Anna Jefferson is the author of ‘You Can Take Her Home Now,’ a novel about early motherhood and friendship. We gave it a glowing review and were so excited to meet Anna in her hometown, Brighton, and chat about some of the themes of the book.
Interview by Sam Eades.
What made you write about that first year of motherhood? What is so special about that time?
I started writing a blog, You Can Take Her Home Now, soon after my daughter was born seven years ago. All the baby books I’d read talked about pregnancy and birth, but where was the chapter about bringing your baby home and how you felt like you were losing your mind? Writing the blog was initially a way for me to record and order my thoughts, but soon afterwards other mums started reading it and getting in touch. It turned out everyone felt like they were winging it.
The blog became the inspiration for my debut novel of the same name. The characters developed lives of their own, but the emotional rollercoaster they experience in those first few days, weeks and months is most definitely informed by my own experiences.
The first year is a special time because it is incomparable to anything you have experienced before. Nothing can prepare you for the shock of bringing a human being into the world. I wanted to write a novel that conveys the raw intensity of that adjustment and how you start to find your way through it.
Emily is such a brilliantly messy character. Where did she come from? And was it important for you to show her flaws?
There is so much pressure on women to keep all the plates spinning. To be the best you can be at parenting, at work, in relationships. To bounce back and fit into your old jeans soon after birth. To hold it all together while enjoying every moment of being a mum, because you are repeatedly told how quickly they grow up. When what you really need is to be told, ‘You’re doing fine. You’re dressed. The house doesn’t look too much like it’s been burgled. Your baby is full of milk. You are amazing.’
I wanted Emily to be real. To show how she loves the bones of her baby, but also has moments of craving her old carefree life. To show the strains it can put on a relationship but also how it can bring you and your partner together in ways you never imagined. Emily used to be a party girl, she was the first one out and the last one to leave, and now she has to learn to be herself all over again as the mother of a new baby.
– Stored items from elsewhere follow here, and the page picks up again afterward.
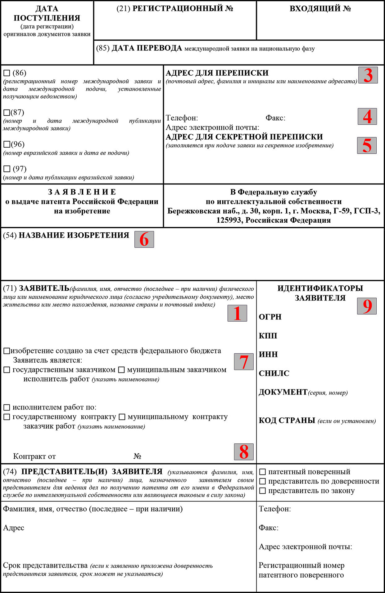 - Учтите, что если изобретение относится к секретной разработке, потребуется указать в заявке адрес для секретной переписки (5).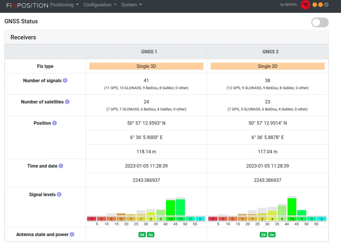 If the Fixposition is outdoors then you can verify the GNSS stream, by clicking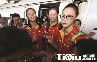 当惠若琪第一个走出车厢时,记者们立刻如潮水一般拥了上去,闪光灯噼里啪啦闪个不停。在车站工作人员的安排下,三位球员被领进车站贵宾室,接受记者们的采访。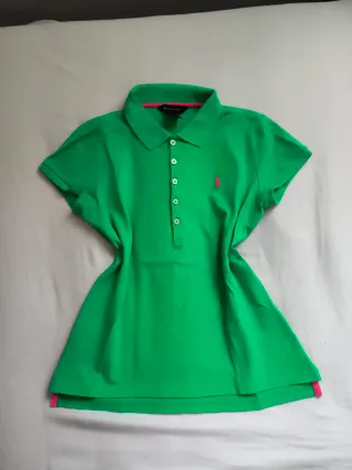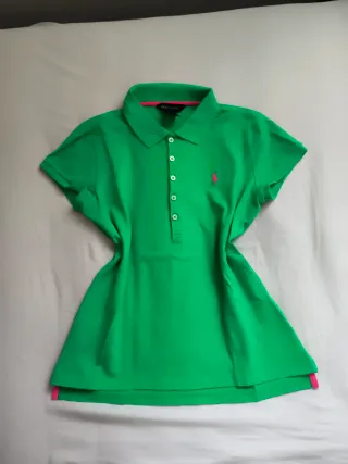 Camiseta polo de Ralph Lauren en color verde vibrante. Aunque la etiqueta pone que es una XL realmente es una S-M - Detalle de logo bordado en el pecho. - Ribete interior del cuello en color rosa. - Dobladillo inferior con detalle en color rosa.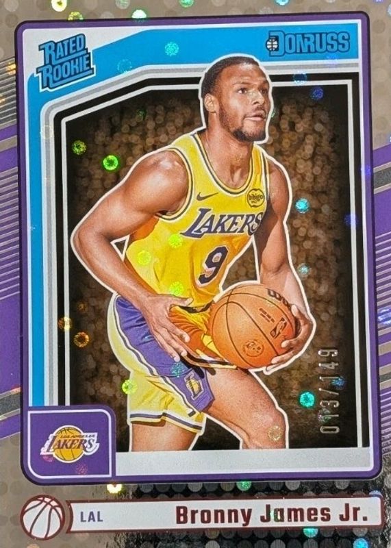 This card is 1 of 72 Bronny James Jr.'s card variations in the 2024 Donruss set being tracked by Sports Card Investor, including Base, Disco, Holo Green Laser, International, and International Holo Maroon Laser.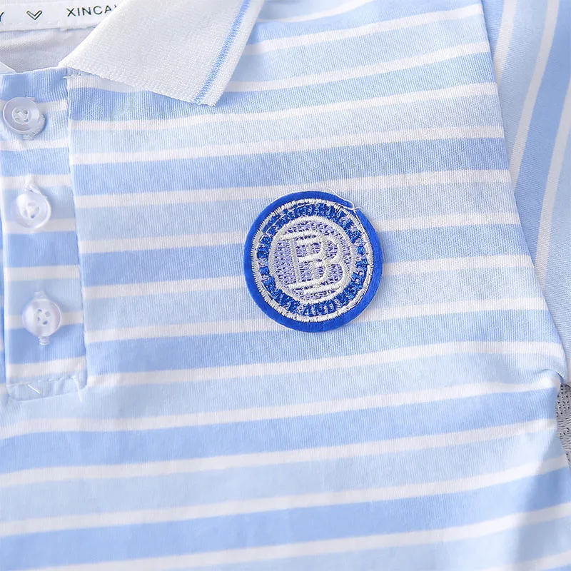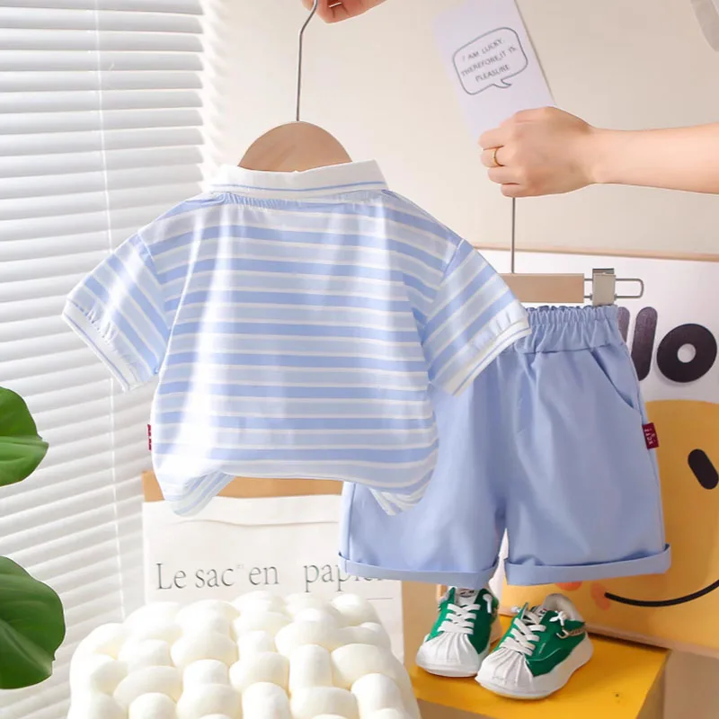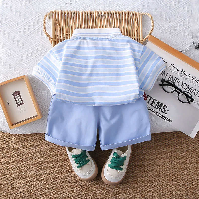1 مجموعة الأولاد الترفيه مجموعة الأزياء شريط الأطفال قصيرة الأكمام السراويل مجموعات الصيف الاطفال ملابس الطفل المحملة + سراويل قصيرة رياضية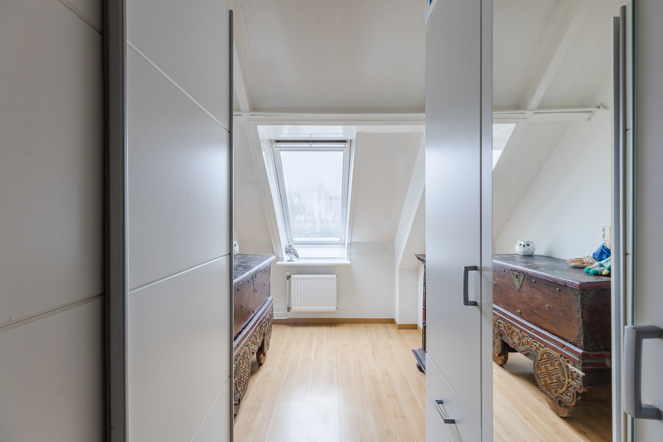 Via de vaste trap op de eerste verdieping bereiken we de overloop van de tweede verdieping met volwaardige 4e slaapkamer. Op deze etage vinden we tevens de aansluitingen voor de witgoedopstelling.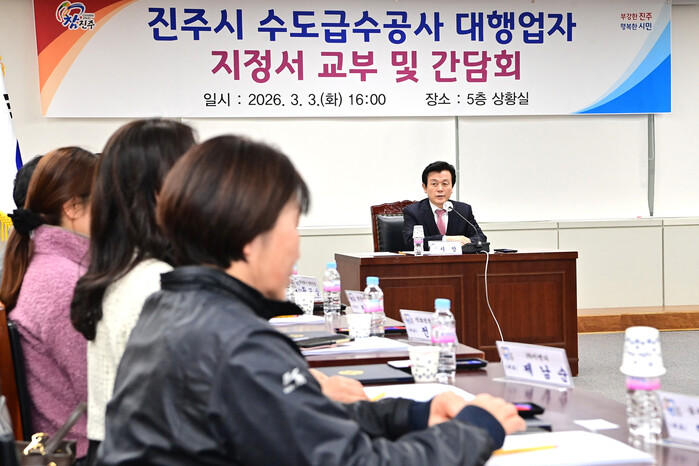 진주시는 지난 3일 시청 상황실에서 수도 급수공사 대행사업을 수행할 신규 대행업체 10곳을 선정해 지정서를 교부했다고 밝혔다.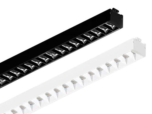- Sorte LED lysskinner med en UGR-værdi på 16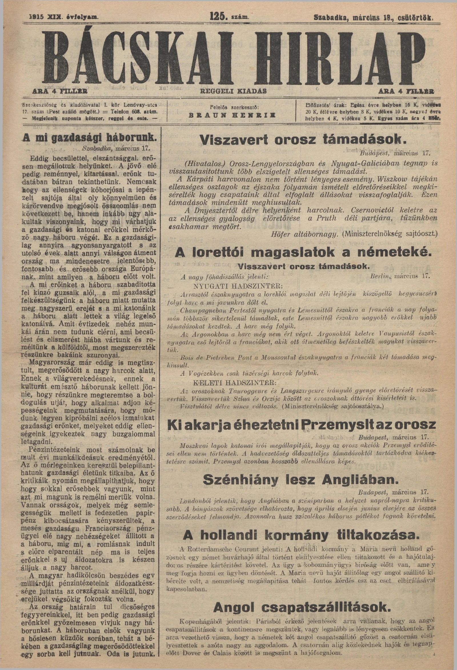 Bácskai Hirlap, 19. évf. 1915. március 18. 125. sz.

One of the themes of the novel is female friendship during what can be a very lonely time for new mums. What made you explore this topic? How did it reflect your own experiences?
I really wanted the novel to express the importance and power of the women in your life. How female friends can be your lifeline, providing massively needed hugs when necessary or equally essential belly-laughs. They are the ones who will tell you when you stink of stale baby milk and need to change your underwear, or ignore it when realising you haven’t done any washing for ages and are down to your last maternity bra. I genuinely don’t think I would have survived early motherhood without brilliant women.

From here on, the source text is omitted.